21I agree with the result reached by the summary conviction appeal judge and with the reasons he articulates, namely (a) that the orders were defective or deficient in that they did not advise the appellants that they could be charged with an indictable offence and receive up to five years in jail if they drove while disqualified, and (b) that there is no reason to presume that the court clerk, in explaining the orders to the appellants, went beyond the terms prescribed in the orders in doing so. As the summary conviction judge noted at para. 25 of his reasons:
… There is no basis upon which to utilize the presumption of regularity to assume, as proof, that the officer who witnessed the signature of Mr. Molina went beyond the form of the order that the accused signed, and either read from a correct version of an order, or advised the accused orally out of his own knowledge. …
22In short, the fourth Wigmore requirement for the application of the presumption -- “that the circumstances of the particular case add some element of probability” -- did not exist in this case.
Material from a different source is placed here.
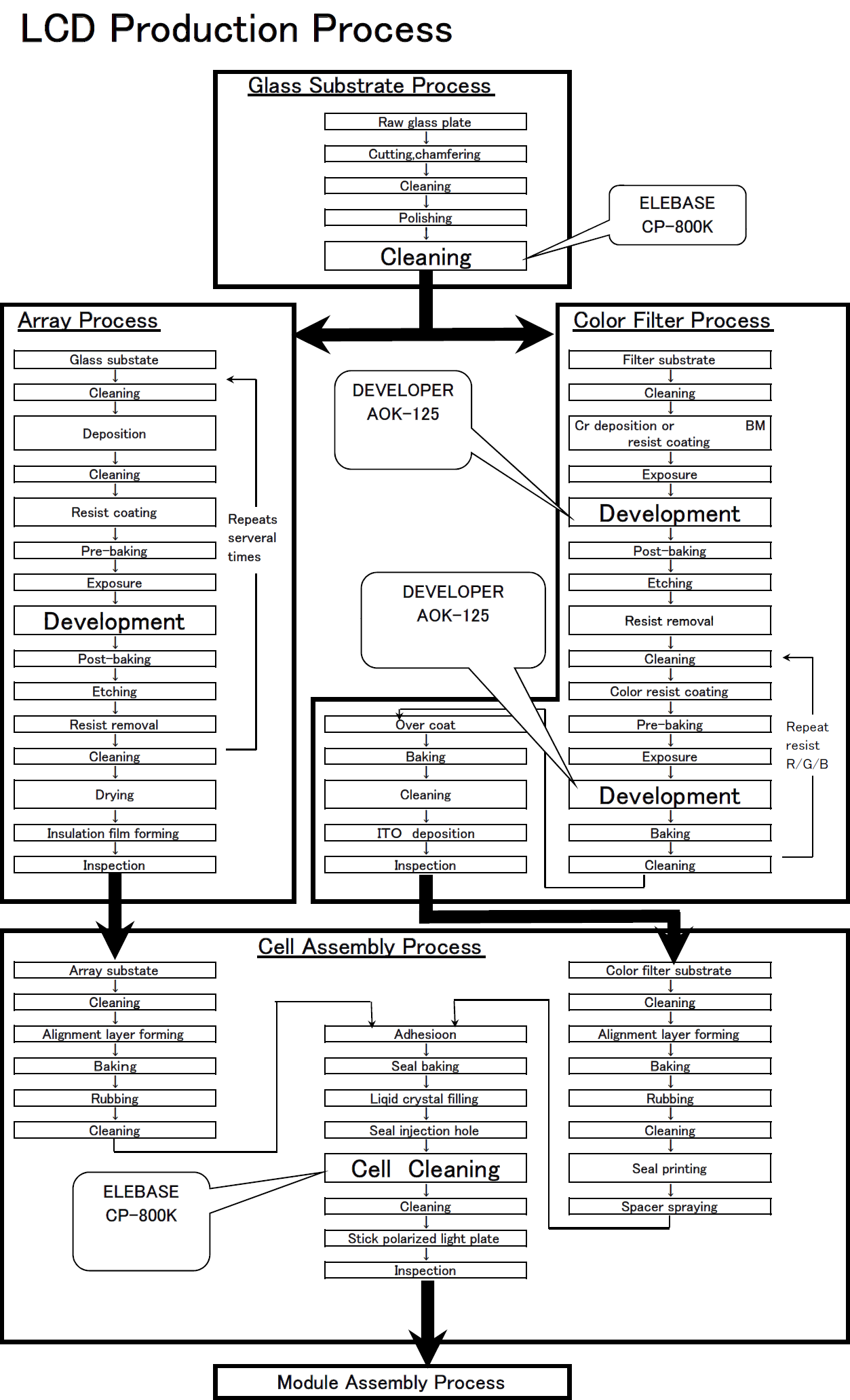 LCD生産過(guo)程使用的(de)濕化學品(pin)(表面活性(xing)劑、清洗劑(ji)、顯😗影液)。
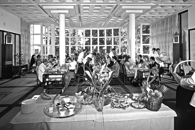 Auch in den 80er-Jahren wurde Wert auf einen gepflegten Service gelegt. Der lässt sich am besten mit realen Gästen üben.

As a result, I reject Ms. Edroos’s second argument that the placing of the onus of proof should be decided on the basis of the presumption of regularity. But on what substantive ground should it be decided?
As I have noted in several other cases,11 the Supreme Court of Canada’s decision in Smith v. Co‑operators General Insurance Co.12 establishes that consumer protection is one of the main objectives of automobile insurance law. This objective is of particular importance in cases involving an insurer’s obligation to provide the insured person with information. The realization of this objective requires the insurer to provide the insured person with complete and correct information. In my view, the goal of consumer protection is best promoted by placing on insurers the onus of proving compliance with their obligations to provide information to insured persons. Indeed, while Smith and the cases applying Smith may not be explicit on the point, they all appear to assume that insurers bear this onus.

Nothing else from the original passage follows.